(EXERCISE REQUIREMENTS): Each record that follows should be repeated exactly, minus any images.

(Dataset entries)
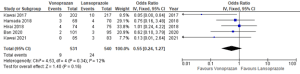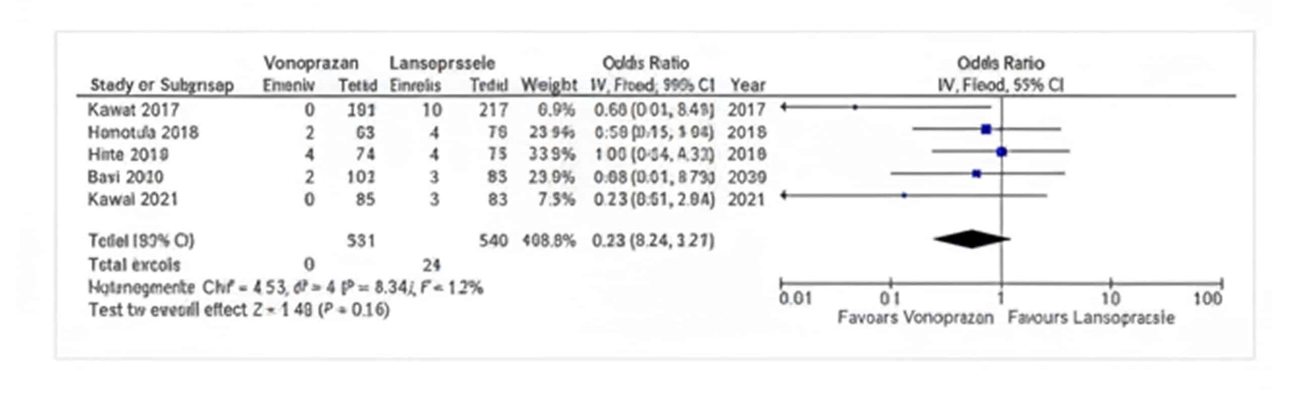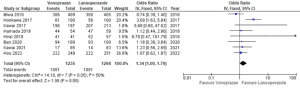 Bleeding control: The pooled odds ratio of Vonoprazan vs Lansoprazole for bleeding control was 0.55 (95% CI, 0.24-1.27, I2=12%), which was insignificant with a p-value of 0.16 as indicated in Figure 4, studies reporting the bleeding control.
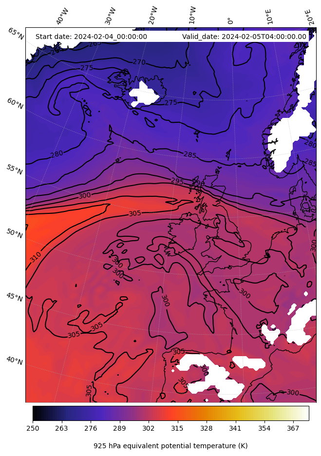- Equivalent Potential Temperature (K)
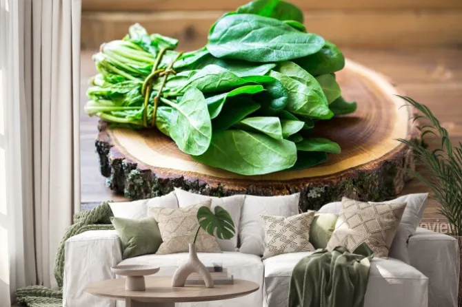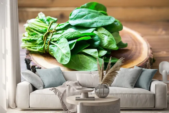 Naklejka: Szpinak liście na drewnianym kole
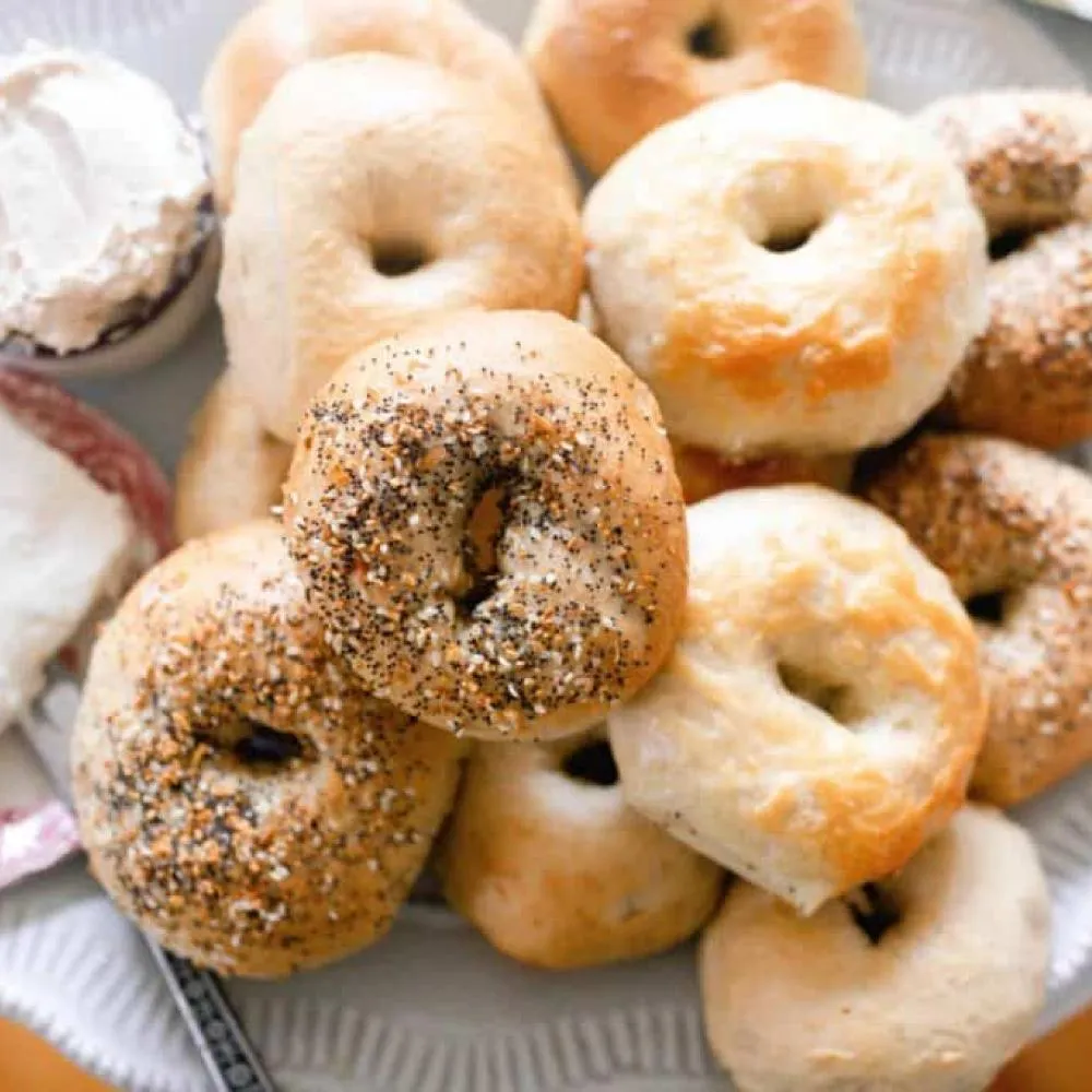 Chewy sourdough bagels with a golden crust and tangy flavor—naturally leavened and boiled for authentic texture.
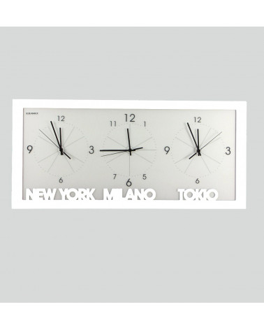 orologio da parete con fusi orari colore bianco
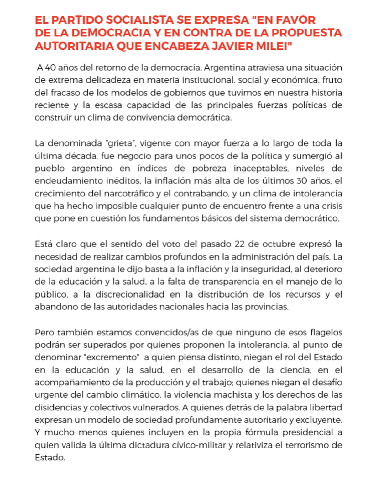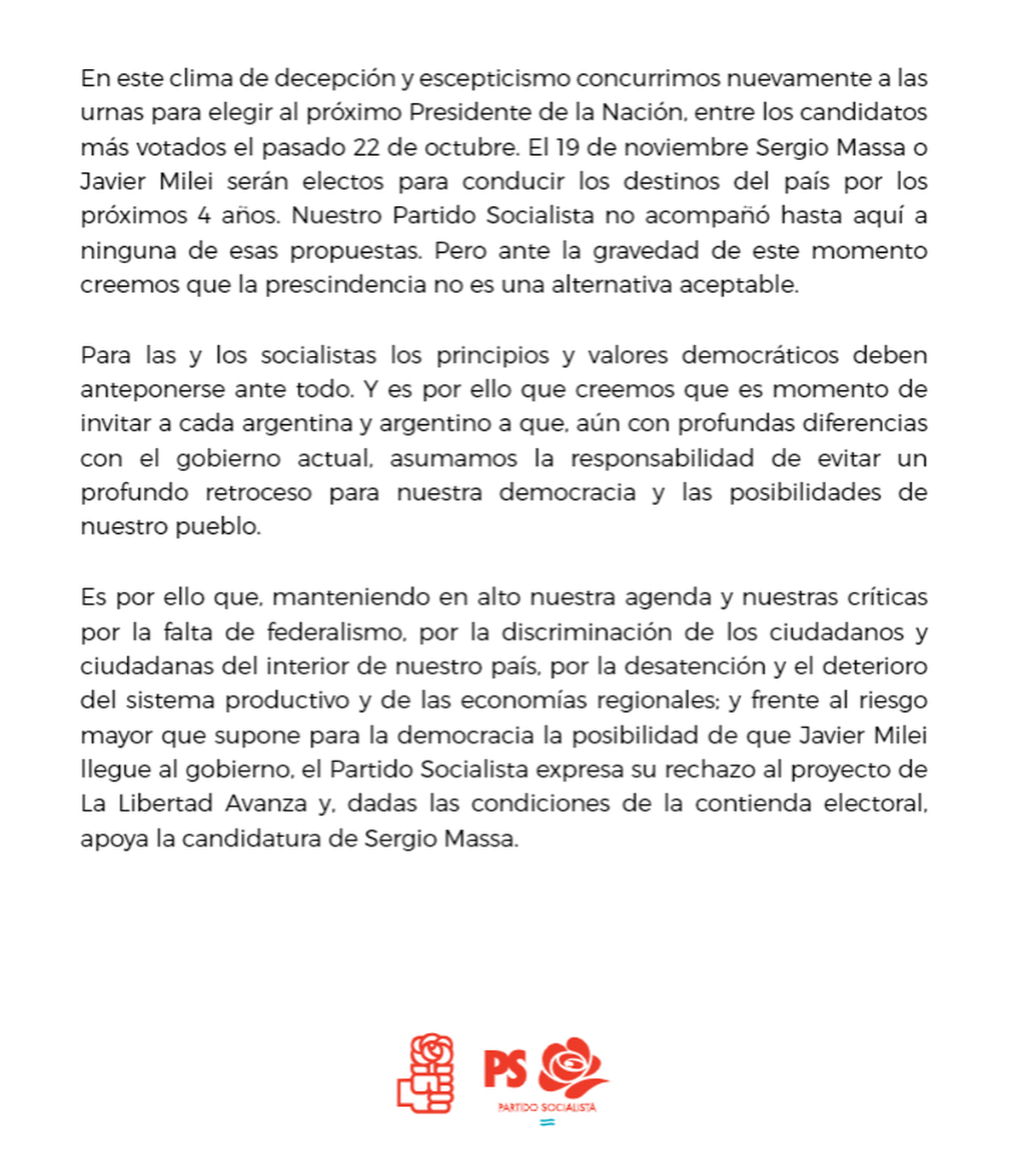 En este marco, y aclarando que mantienen "en alto" su "agenda" y "críticas", "frente al riesgo mayor que supone para la democracia la posibilidad de que Javier Milei llegue al gobierno, el Partido Socialista expresa su rechazo al proyecto de La Libertad Avanza y, dadas las condiciones de la contienda electoral, apoya la candidatura de Sergio Massa".
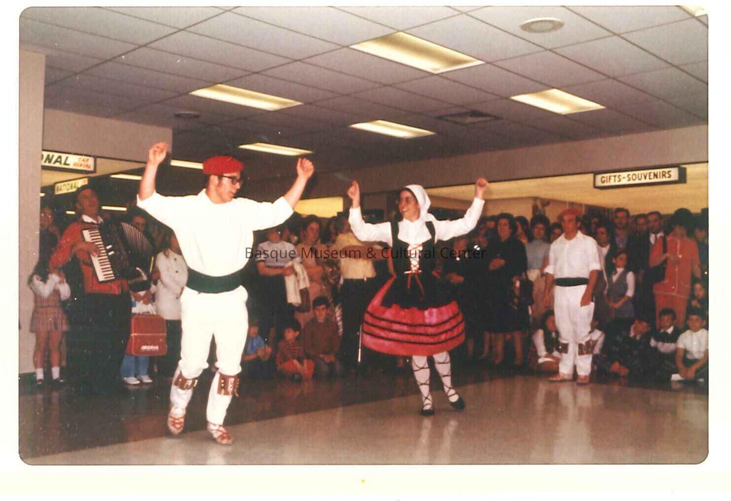 April 5, 1972 Oinkari Dancers at the Boise airport performing for Basque guests from Spain. Main male dancer is Chris Bieter.
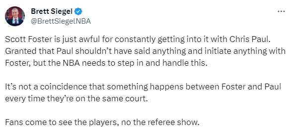 美记Brett Siegel表示:福斯特总是和保罗纠缠不清,真是太糟糕了。诚然,保罗不应该对福斯特说任何话,也不应该发起任何争执,但NBA需要介入处理此次吹罚。福斯特每次吹保罗的比赛都会发生一些事,这并不是巧合。球迷是来看球员的,不是来看裁判表演的。
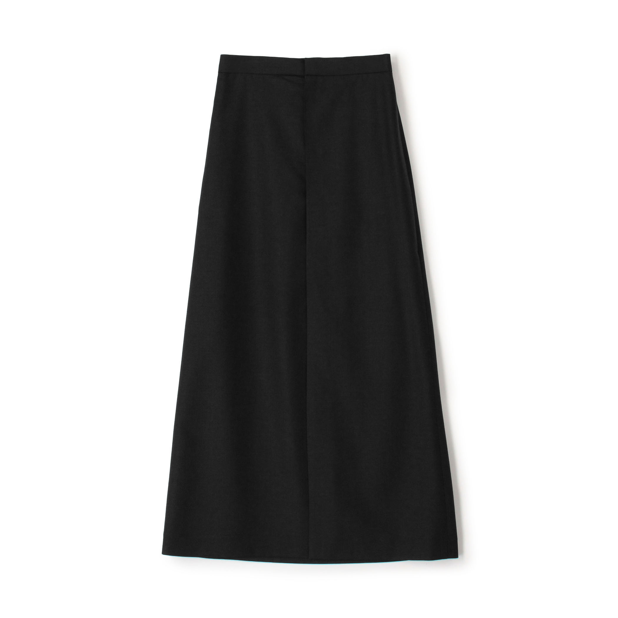 〈Edition〉のウールスカートは、一般的なウール糸に比べて毛羽が少なく、細番手ながらも強度と耐久性があり、シワにもなりにくいので扱いやすいのが特徴です。一見シンプルに見えますが、フロントジップや表情のあるラップ型デザインで〈Edition〉らしいモードでクールなスタイリングにもご使用頂けます。
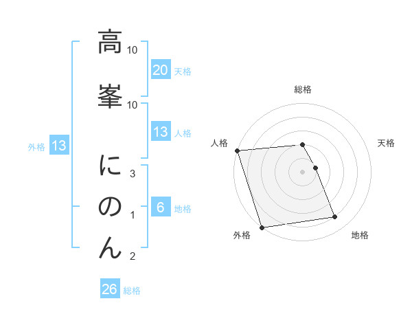 高峯 にのんさんを姓名の画数から五運を鑑定
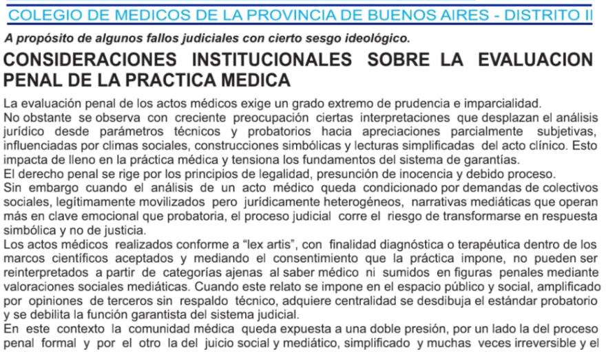 En uno de los pasajes más fuertes, el Colegio de Médicos Distrito II, con sede en Avellaneda, plantea que cuando los fallos judiciales se ven condicionados por demandas sociales o por la presión de la opinión pública, “el proceso judicial corre el riesgo de transformarse en una respuesta simbólica y no de justicia”.

(EXPECTED ANSWER):
 Bleeding control: The pooled odds ratio of Vonoprazan vs Lansoprazole for bleeding control was 0.55 (95% CI, 0.24-1.27, I2=12%), which was insignificant with a p-value of 0.16 as indicated in Figure 4, studies reporting the bleeding control.
- Equivalent Potential Temperature (K)
 Naklejka: Szpinak liście na drewnianym kole
 Chewy sourdough bagels with a golden crust and tangy flavor—naturally leavened and boiled for authentic texture.
 orologio da parete con fusi orari colore bianco
 En este marco, y aclarando que mantienen "en alto" su "agenda" y "críticas", "frente al riesgo mayor que supone para la democracia la posibilidad de que Javier Milei llegue al gobierno, el Partido Socialista expresa su rechazo al proyecto de La Libertad Avanza y, dadas las condiciones de la contienda electoral, apoya la candidatura de Sergio Massa".
 April 5, 1972 Oinkari Dancers at the Boise airport performing for Basque guests from Spain. Main male dancer is Chris Bieter.
 美记Brett Siegel表示:福斯特总是和保罗纠缠不清,真是太糟糕了。诚然,保罗不应该对福斯特说任何话,也不应该发起任何争执,但NBA需要介入处理此次吹罚。福斯特每次吹保罗的比赛都会发生一些事,这并不是巧合。球迷是来看球员的,不是来看裁判表演的。
 〈Edition〉のウールスカートは、一般的なウール糸に比べて毛羽が少なく、細番手ながらも強度と耐久性があり、シワにもなりにくいので扱いやすいのが特徴です。一見シンプルに見えますが、フロントジップや表情のあるラップ型デザインで〈Edition〉らしいモードでクールなスタイリングにもご使用頂けます。
 高峯 にのんさんを姓名の画数から五運を鑑定
 En uno de los pasajes más fuertes, el Colegio de Médicos Distrito II, con sede en Avellaneda, plantea que cuando los fallos judiciales se ven condicionados por demandas sociales o por la presión de la opinión pública, “el proceso judicial corre el riesgo de transformarse en una respuesta simbólica y no de justicia”.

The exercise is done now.